Speculation is running high among many that Iraq may have ties to the recent wave of anthrax attacks, and that the administration may target Saddam Hussein's regime after the Taliban militia is toppled from power.
On ABC, Gen. Myers said, "This is a global war on terrorism and weapons of mass destruction. Afghanistan is only one small piece. So, of course, we're thinking very broadly."
The general's reference to a war on weapons of mass destruction prompted speculation the Bush administration might be laying the groundwork for a future attack on Iraq, which is known to have continued producing biological and chemical weapons in violation of U.N. sanctions imposed after the 1991 Persian Gulf war.
Mr. Lieberman said the anthrax that went to the office of Senate Majority Leader Tom Daschle, South Dakota Democrat, last week was "significantly refined" and could not have been produced by "a couple of guys in someone's kitchen stirring things up."
"So it says to me that there's either a significant amount of money behind this, or this is state-sponsored, or this is stuff that was stolen from the former Soviet program" in which anthrax was developed into a biological weapon, he said.
Mr. Lieberman said he sees Iraq as a potential supplier of the anthrax now causing havoc in the United States. He outlined the reasons for his suspicions on NBC.
"We know that Saddam would like to do us the worst kind of ill. Saddam is a terrorist and it should be a centerpiece of our policy, after we've finished the business in Afghanistan and bin Laden, to end that regime," he said.

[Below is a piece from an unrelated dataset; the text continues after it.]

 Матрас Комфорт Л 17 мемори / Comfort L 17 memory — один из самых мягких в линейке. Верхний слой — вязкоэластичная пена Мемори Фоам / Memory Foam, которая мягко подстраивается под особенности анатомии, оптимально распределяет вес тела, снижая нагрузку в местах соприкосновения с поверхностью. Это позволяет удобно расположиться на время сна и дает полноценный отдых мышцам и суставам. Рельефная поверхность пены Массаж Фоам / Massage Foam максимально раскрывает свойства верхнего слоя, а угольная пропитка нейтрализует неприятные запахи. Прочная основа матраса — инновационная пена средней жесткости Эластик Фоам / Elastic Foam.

Both Mr. Lieberman and Mr. McCain said they would not object to having Saddam added to the order the president gave the CIA last month.

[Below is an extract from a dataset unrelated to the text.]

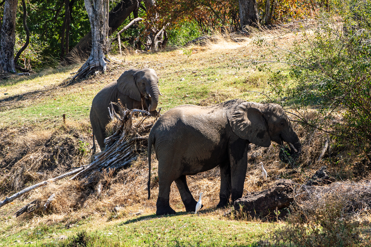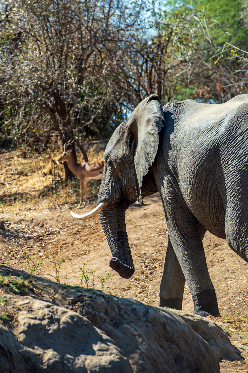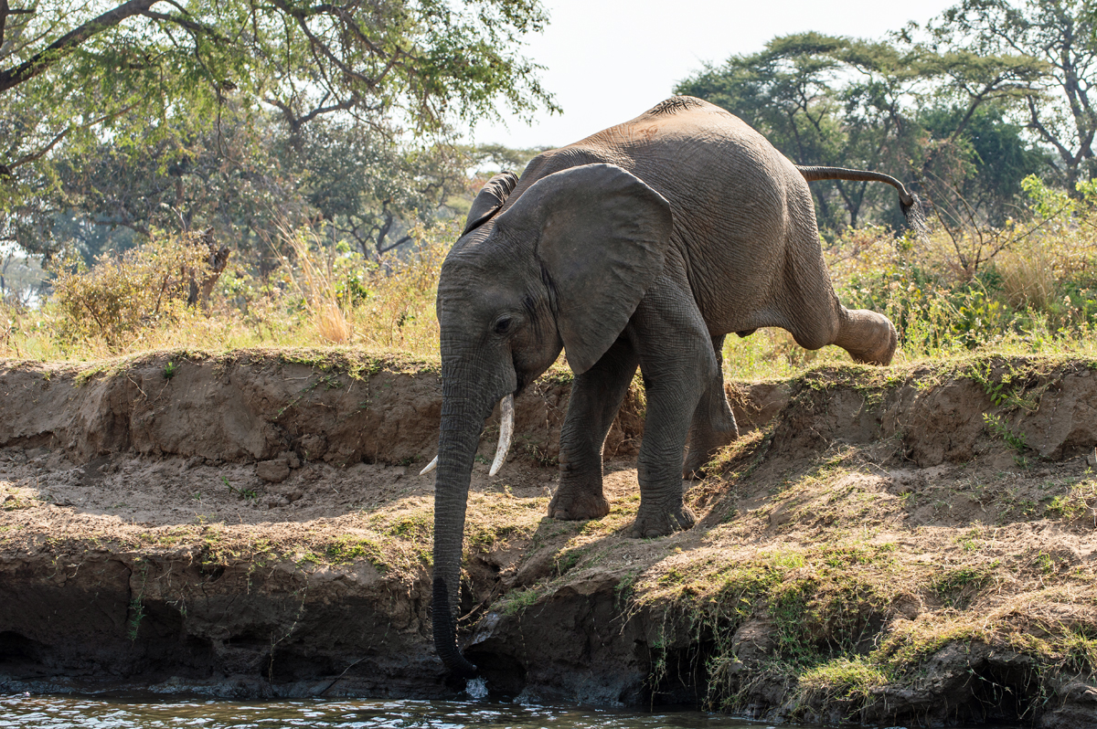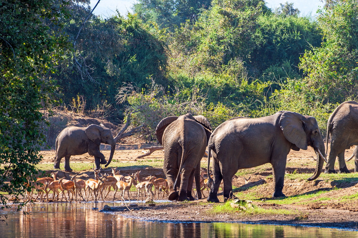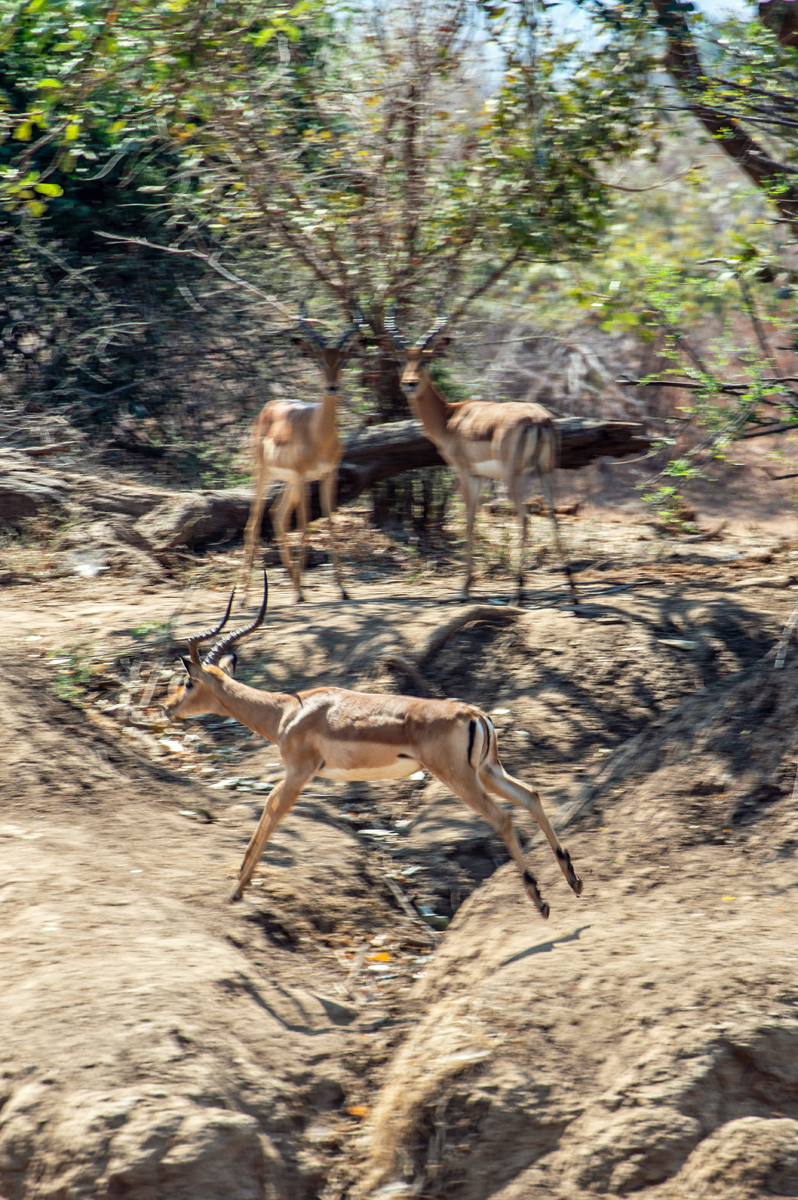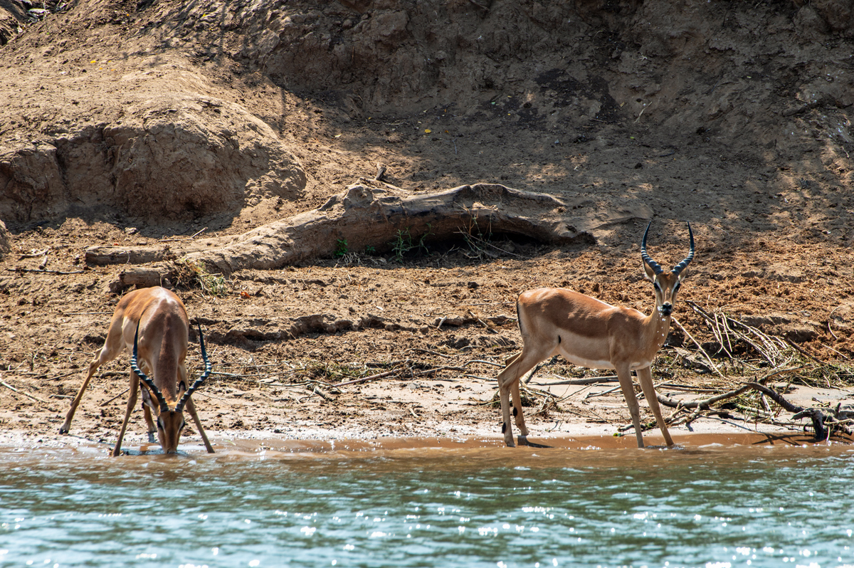 Die beste Art, die Lower Zambezi-Region zu erkunden, ist per Boot (vor allem, wenn alle Möglichkeiten, den Nationalpark zu besuchen, blockiert werden von gigantischen, italienischen Overlander-Gruppen, die sich auf Nationalpark-Hopping durch das ganze südliche Afrika befinden, 6000 Kilometer in zehn Tagen zurücklegen, gelangweilt sind vom 100. Flusspferd oder Elefanten und eine besonders exquisite Form der Ignoranz gegenüber den Menschen und Kulturen dort an den Tag legen). In der Trockenzeit müssen alle Tiere zum Trinken an den Fluss kommen, was ihn zum perfekten Ort für Tierbeobachtungen macht. Und manchmal hat man Glück, der Motor streikt und man strandet auf einer der kleinen Schilfinseln, wo man sogar noch die Elefantenspuren im weichen Sand sehen kann, was bedeutet, dass sie noch nicht allzu weit weg sein können. Wenn man die zahlreichen Südafrikaner, die oft betrunken in kleinen Booten zum „Angeln“ unterwegs sind und auf schmalen Sandbänken campieren mit Kühltaschen voll Bier, und die lautstarken italienischen Overlander-Gruppen mit ihren bemitleidenswerten südafrikanischen Fahrern, die sich freuen, mit irgendwem mal wieder Englisch sprechen zu können, ausblenden kann, dann ist die Region ein perfektes Stück ursprüngliche afrikanische Wildnis.

Mr. Powell, interviewed on CNN's "Late Edition," suggested Iraq could be the source of the anthrax causing problems in this country.
"I don't put it past Iraq. We know they have been working on this kind of terror weapon, and we keep a very close eye on them," he said. But Mr. Powell added that it was "premature to make any judgments yet because we just don't know" where the anthrax came from.

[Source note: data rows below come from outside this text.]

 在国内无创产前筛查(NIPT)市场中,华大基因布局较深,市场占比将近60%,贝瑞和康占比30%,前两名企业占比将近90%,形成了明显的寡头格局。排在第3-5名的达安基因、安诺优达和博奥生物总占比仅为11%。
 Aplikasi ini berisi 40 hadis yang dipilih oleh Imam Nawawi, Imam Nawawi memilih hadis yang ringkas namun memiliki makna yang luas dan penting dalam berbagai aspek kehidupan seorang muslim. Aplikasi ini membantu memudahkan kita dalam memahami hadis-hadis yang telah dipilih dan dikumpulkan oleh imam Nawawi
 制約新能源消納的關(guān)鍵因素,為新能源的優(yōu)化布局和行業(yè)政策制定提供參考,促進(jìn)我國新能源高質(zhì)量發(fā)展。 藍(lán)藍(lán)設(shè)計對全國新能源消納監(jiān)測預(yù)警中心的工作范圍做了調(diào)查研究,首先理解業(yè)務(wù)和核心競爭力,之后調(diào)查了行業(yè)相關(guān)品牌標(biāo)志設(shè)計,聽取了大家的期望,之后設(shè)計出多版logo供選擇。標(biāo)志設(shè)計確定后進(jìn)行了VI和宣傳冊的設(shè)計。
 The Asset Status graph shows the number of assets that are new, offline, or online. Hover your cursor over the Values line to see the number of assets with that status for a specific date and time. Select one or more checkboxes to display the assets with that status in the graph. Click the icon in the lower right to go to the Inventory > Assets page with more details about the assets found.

Mr. Bayh, a member of the Senate Select Committee on Intelligence, said on CNN that Iraq "probably does" have anthrax in its arsenal.
Asked whom Mr. Bayh believed was responsible for the U.S. anthrax scare, he said he didn't know. "We do know that al Qaeda was attempting to develop biological capabilities. There are some interesting facts around that might suggest some outside involvement."
In other developments yesterday on the anthrax front:
A total of nine Americans have tested positive for anthrax. The list includes three who have developed the serious inhalation form of the disease, which has killed one of the nine victims.
Tests for anthrax at ABC-TV, where a 7-month-old boy was believed to have contracted the disease, and other media organizations in New York have come back negative, Mayor Rudolph W. Giuliani said yesterday.
On Capitol Hill, an environmental sweep through 19 buildings continued yesterday. A total of 28 persons have tested positive for exposure to the bacterium, but none has been diagnosed with the disease.